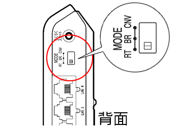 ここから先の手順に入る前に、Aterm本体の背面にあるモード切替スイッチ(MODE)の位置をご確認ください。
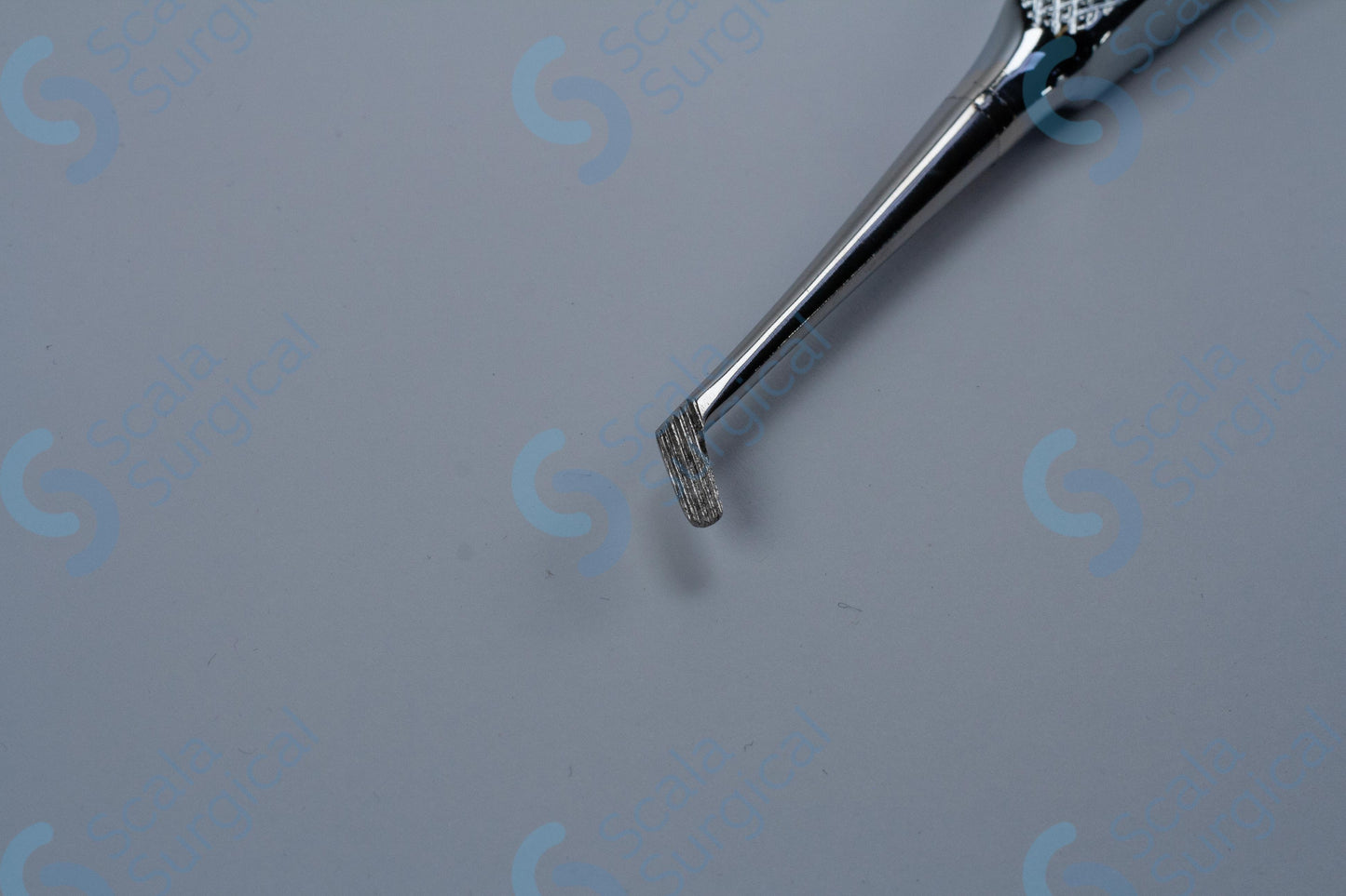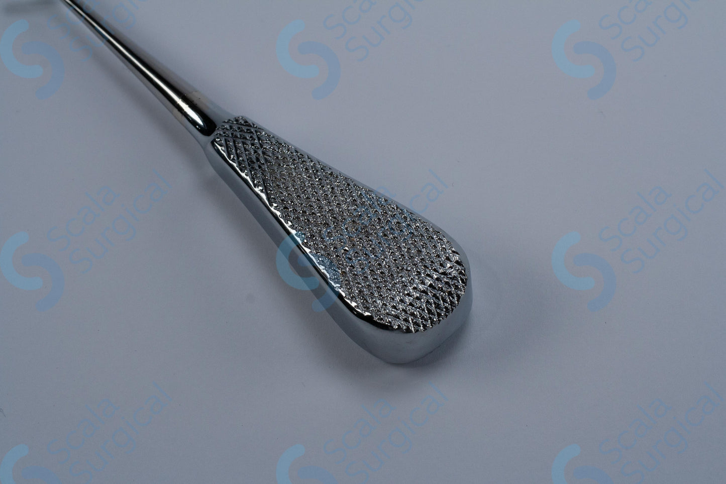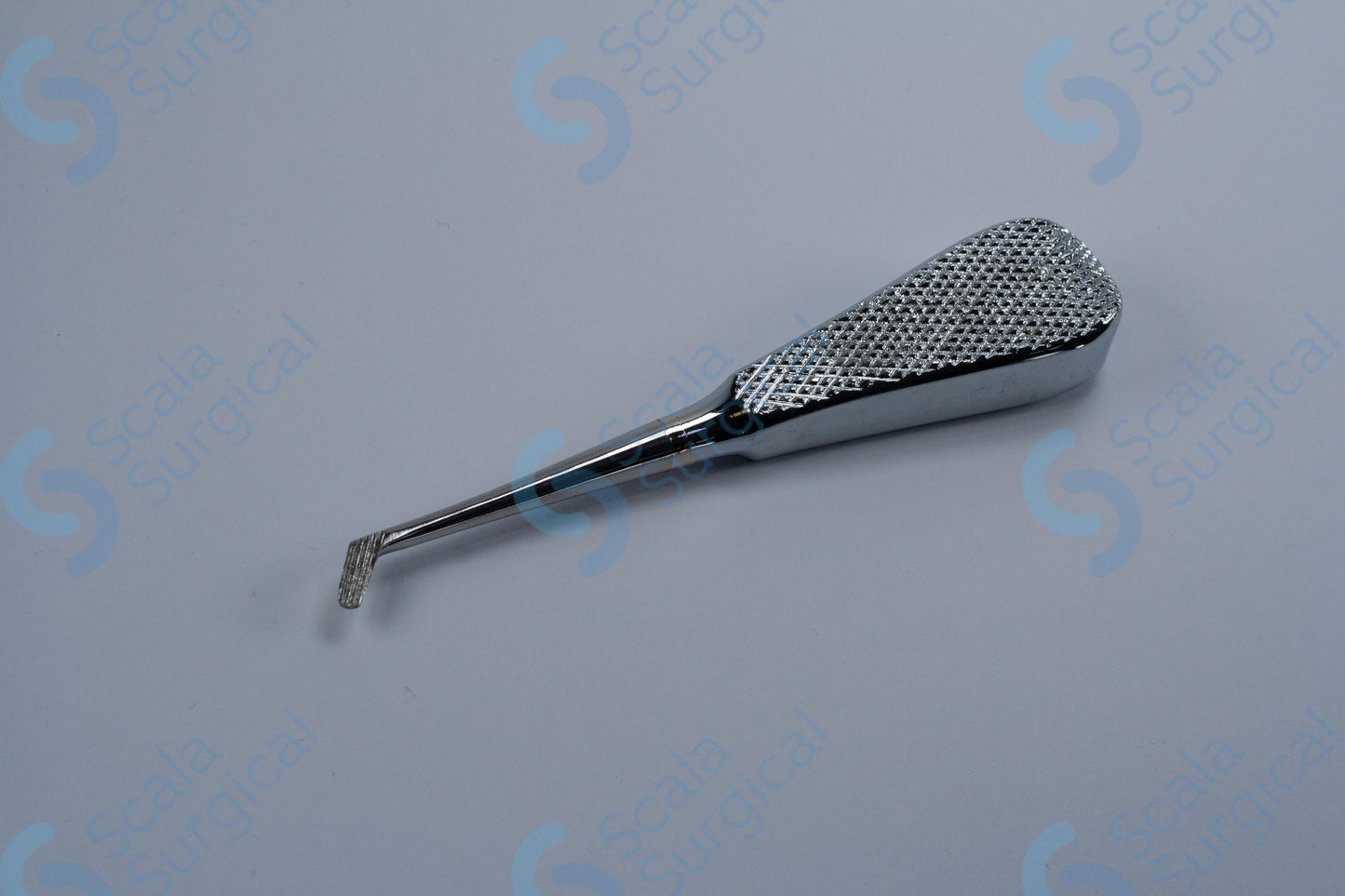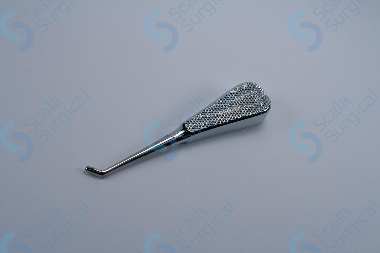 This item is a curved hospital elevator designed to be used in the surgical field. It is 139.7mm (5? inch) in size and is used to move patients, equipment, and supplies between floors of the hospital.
...
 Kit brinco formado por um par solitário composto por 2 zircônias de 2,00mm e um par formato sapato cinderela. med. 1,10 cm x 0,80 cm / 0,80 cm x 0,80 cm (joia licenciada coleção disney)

## Try it
From the records above, copy exactly the lines starting at the one with "ここから先の手順に入る前に、" and ending at the one with "This item is", and no others. Pictures stay out.

## Solution
 ここから先の手順に入る前に、Aterm本体の背面にあるモード切替スイッチ(MODE)の位置をご確認ください。
 This item is a curved hospital elevator designed to be used in the surgical field. It is 139.7mm (5? inch) in size and is used to move patients, equipment, and supplies between floors of the hospital.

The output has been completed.